Input data —
--- START ---

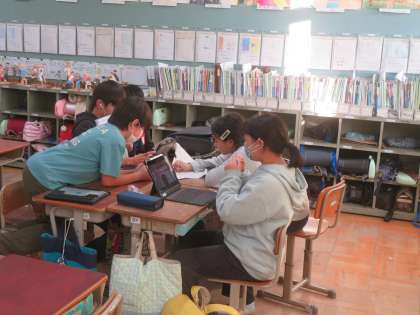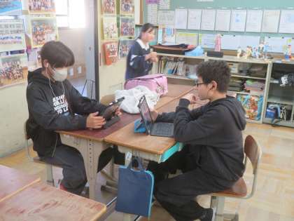 外国語のスピーチの動画を放課後に撮影している様子です。みんな意欲的に取り組んでいて、何度も撮り直していました。
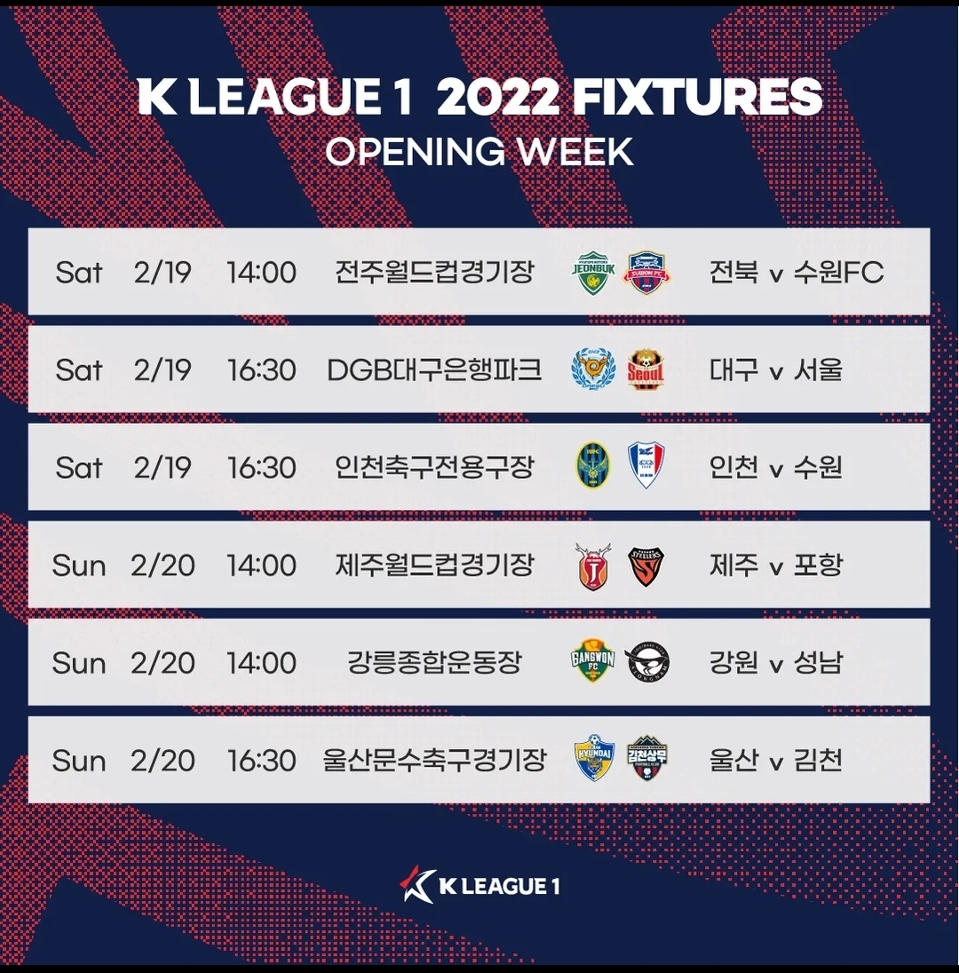백승호의 소속팀 전북 현대 모터스와 이승우의 소속팀 수원FC가 리그 개막전에서 만나네요.
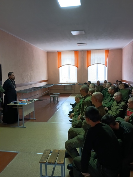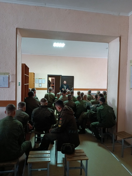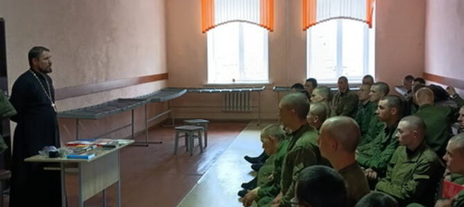 19 октября руководитель епархиального отдела по взаимодействию с Вооруженными силами и правоохранительными органами иерей Олег Пачковский провел беседу с военнослужащими11-й отдельной гвардейской механизированной бригады г. Слонима на тему: «Крещение Руси. Православие. Связь поколений. Матерная брань как оружие массового поражения».
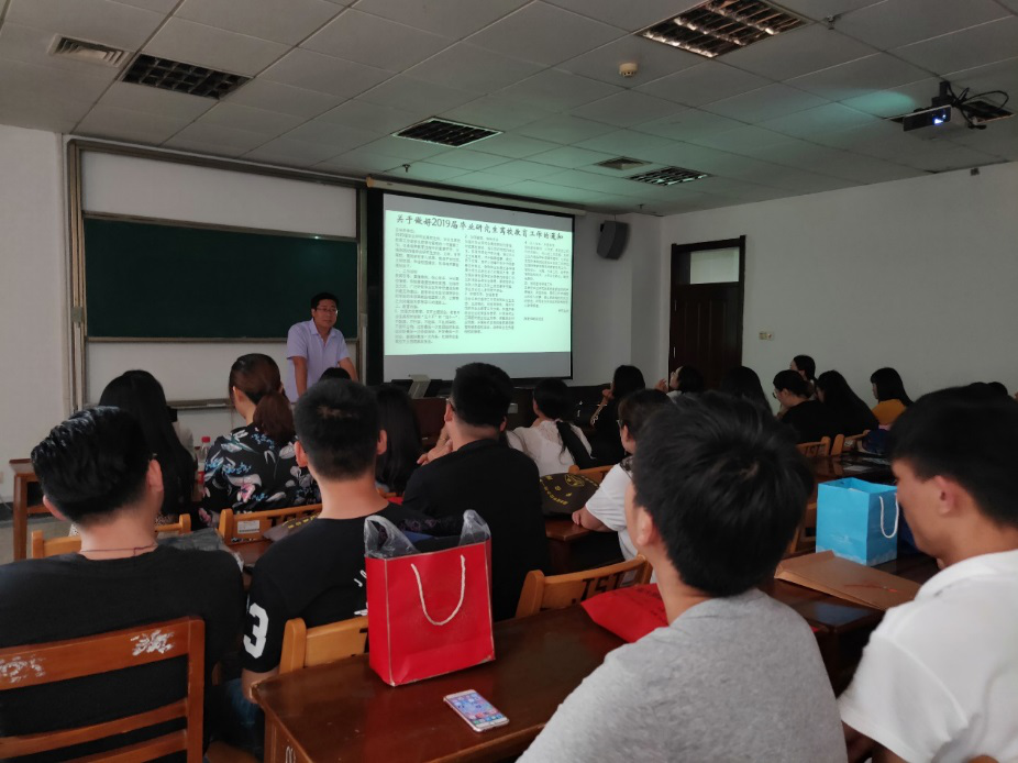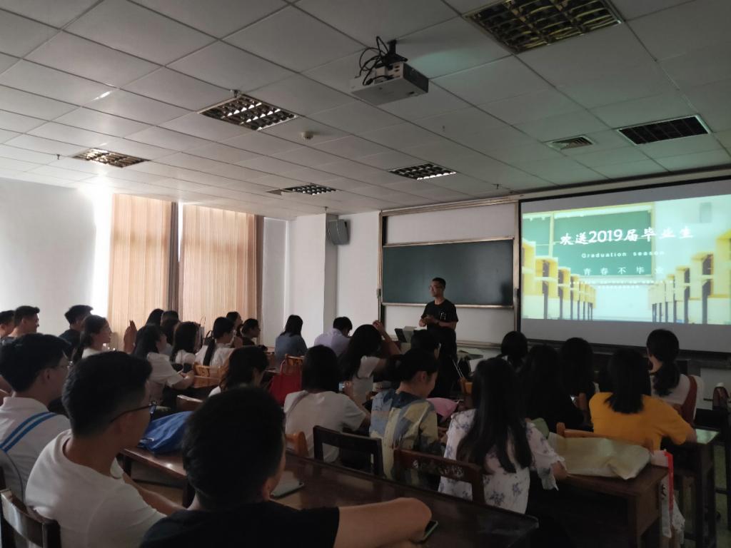 于JC612教室召开欢送2019届毕业研究生主题班会,研究生秘书尚军亮老师及全体毕业研究生参加本次会议。会议由马德璐主持。

--- END ---

What is expected —
In your copy of the material, match every word exactly and include no pictures.

Output of the exercise —
 外国語のスピーチの動画を放課後に撮影している様子です。みんな意欲的に取り組んでいて、何度も撮り直していました。
백승호의 소속팀 전북 현대 모터스와 이승우의 소속팀 수원FC가 리그 개막전에서 만나네요.
 19 октября руководитель епархиального отдела по взаимодействию с Вооруженными силами и правоохранительными органами иерей Олег Пачковский провел беседу с военнослужащими11-й отдельной гвардейской механизированной бригады г. Слонима на тему: «Крещение Руси. Православие. Связь поколений. Матерная брань как оружие массового поражения».
 于JC612教室召开欢送2019届毕业研究生主题班会,研究生秘书尚军亮老师及全体毕业研究生参加本次会议。会议由马德璐主持。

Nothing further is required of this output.